Under the law, employers cannot ask about an applicant’s criminal history on the job application and during the first interview with the applicant. The law also prohibits employers from posting or advertising that a position requires a clean criminal record, unless such a requirement is mandated by law. Importantly, the law does not apply to positions where another law requires a criminal background check or if the job is predicated upon a specific criminal background history.

Important questions addressed in the final regulations include:

Which Employers are Covered By the Law? The regulations provide that Employers who employ 15 or more employees for 20 calendar weeks. It doesn’t matter if you are a private or public (except for federal) employee. It also doesn’t matter if not all 15 employees work in New Jersey.

Which Applicants are Covered by the Law? Prospective employees are covered, as well as paid or unpaid “interns” and “apprentices.” Interns include students or recent graduates, working as a trainee to gain practical experience in an occupation. An apprentice is an individual who is registered in good standing in an apprenticeship program approved or certified by the U.S. Department of Labor’s Office of Apprenticeship.

Are Independent Contractors Covered? No – provided that the person is properly categorized as an independent contractor and not an employee, apprentice or intern. Similarly, a company is not prohibited from inquiring into the criminal backgrounds of employees employed by temporary staffing agencies assigned to work at the company as long as such employee is not employed by the company. However, applicants referred by a recruiting firm are covered where they are referred with the intent of becoming an employee of the company. Therefore, companies can’t circumvent the law by outsourcing their employment process to a third party.

What is an Interview? The regulations define an interview as “any live, direct contact by the employer with the applicant” to discuss the employment being sought or the applicant’s qualifications. This includes contact in person, by telephone or video conferencing, but does not include an exchange of emails or the completion of a written or electronic questionnaire. Once this first interview is complete, the prohibition on criminal background inquiries has ended under this particular law.

What if the Applicant Volunteers Criminal Information? If an applicant volunteers criminal information, then the door is opened for the employer to inquire further into the criminal background of the applicant.

What if I Use the Same Application for All States? Under the regulations, the employer can continue to ask criminal background questions on the application – provided that the application contains this disclaimer right after the question: “an applicant for a position the physical location of which will be in whole, or substantial part, in New Jersey is instructed not to answer this question.”
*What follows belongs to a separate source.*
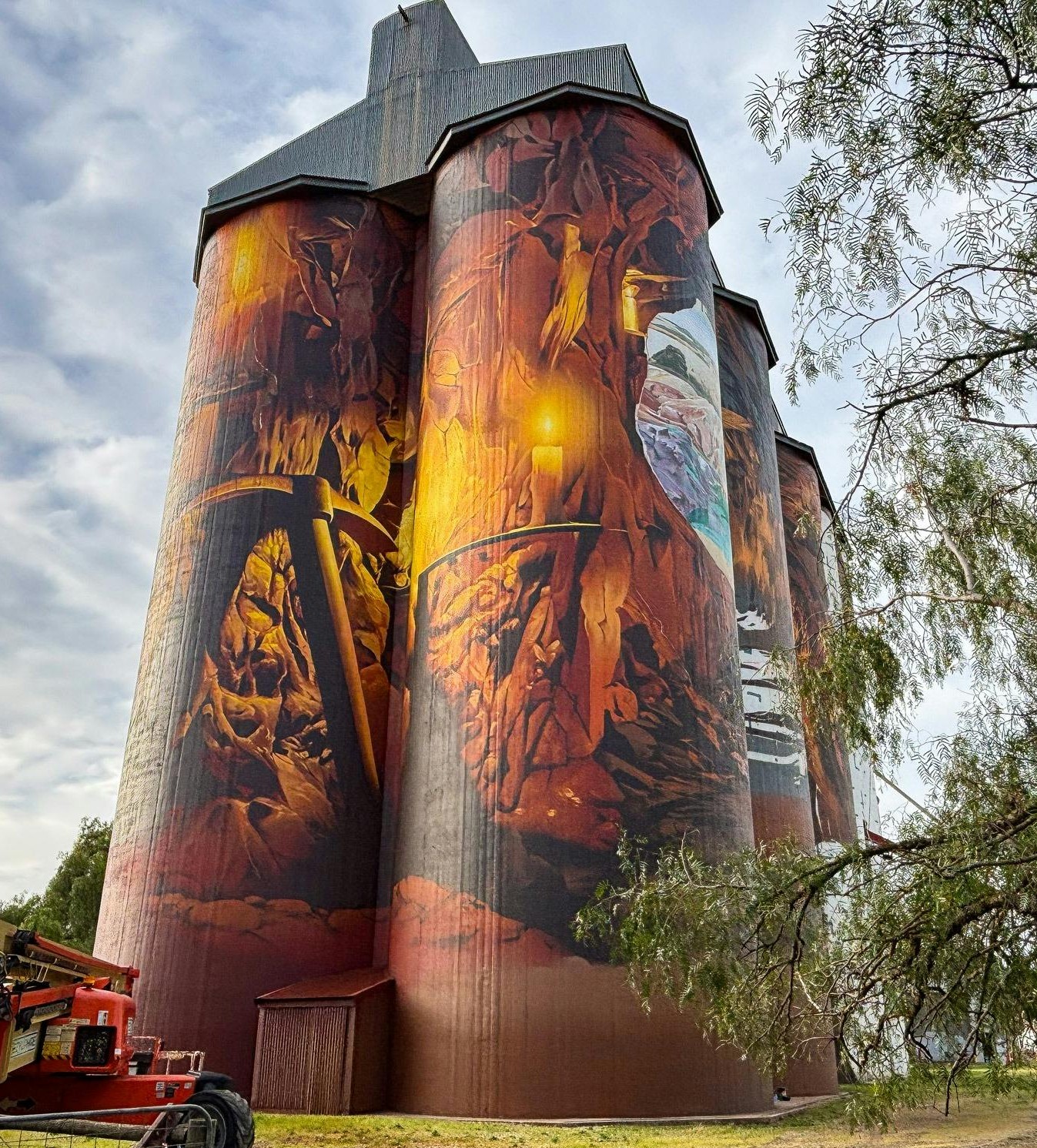 L'artiste australien Sam Bates, alias Smug, basé à Glasgow, Ecosse est connu pour ses fresques murales hyper-réalistes créées à l'aide de bombes aérosols dont cette création réalisée à grande échelle sur silo à grains à Hancock Road, Kapunda, Australie...

Are Drunk Driving and Other Motor Vehicle Violations Covered? Yes, the regulations treat DWI/DUI and motor vehicle violation inquiries the same as criminal background inquires, and therefore, are prohibited until after the first interview.
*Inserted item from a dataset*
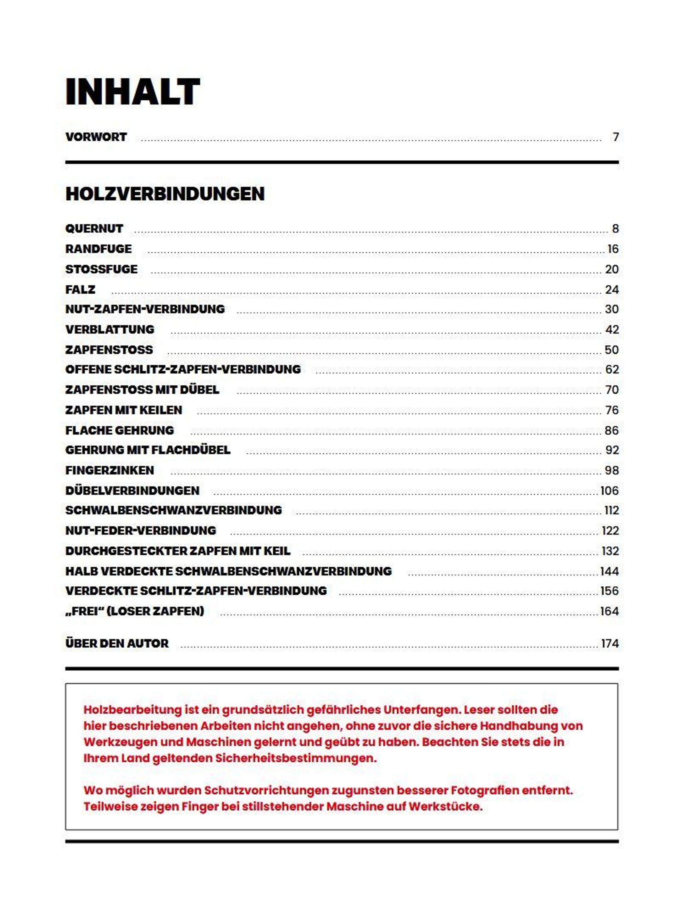Je nach Werkstück werden die einzelnen Teile dabei mit Fugen, Falz oder Gehrung, mit Zapfen, Zinken, Dübel u. v. m. verbunden. Insgesamt werden 20 Holzverbindungen vorgestellt. Optimale Grundlagenlektüre für Einsteiger wie auch Nachschlagewerk für Praktiker.

Are Internet Searches or Public Record Searches Criminal Record Inquiries? The regulations say YES. So before you Google an applicant’s criminal history, or have a third party do it on your behalf, make sure you have completed the first interview.

When Can I Inquire About Criminal Histories? You can conduct criminal history inquiries after completing a first interview. However, the law does not apply where another law disqualifies an applicant from the job because of a criminal conviction.

Do I Have to Hire Someone with a Criminal Record? This specific law does not prevent employers from refusing to hire applicants with criminal histories. However, federal and state anti-discrimination laws as well other laws, such as the Fair Credit Reporting Act, could come into play when the decision not to hire is based on a criminal history.

What Employers Should Do

Covered employers should modify their applications and recruitment policies and practices to ensure compliance with the law. Employers also should be aware that even though the law does not prohibit an employer from refusing to hire an applicant with a criminal background, other federal and state laws may prohibit such a bright line practice in many circumstances.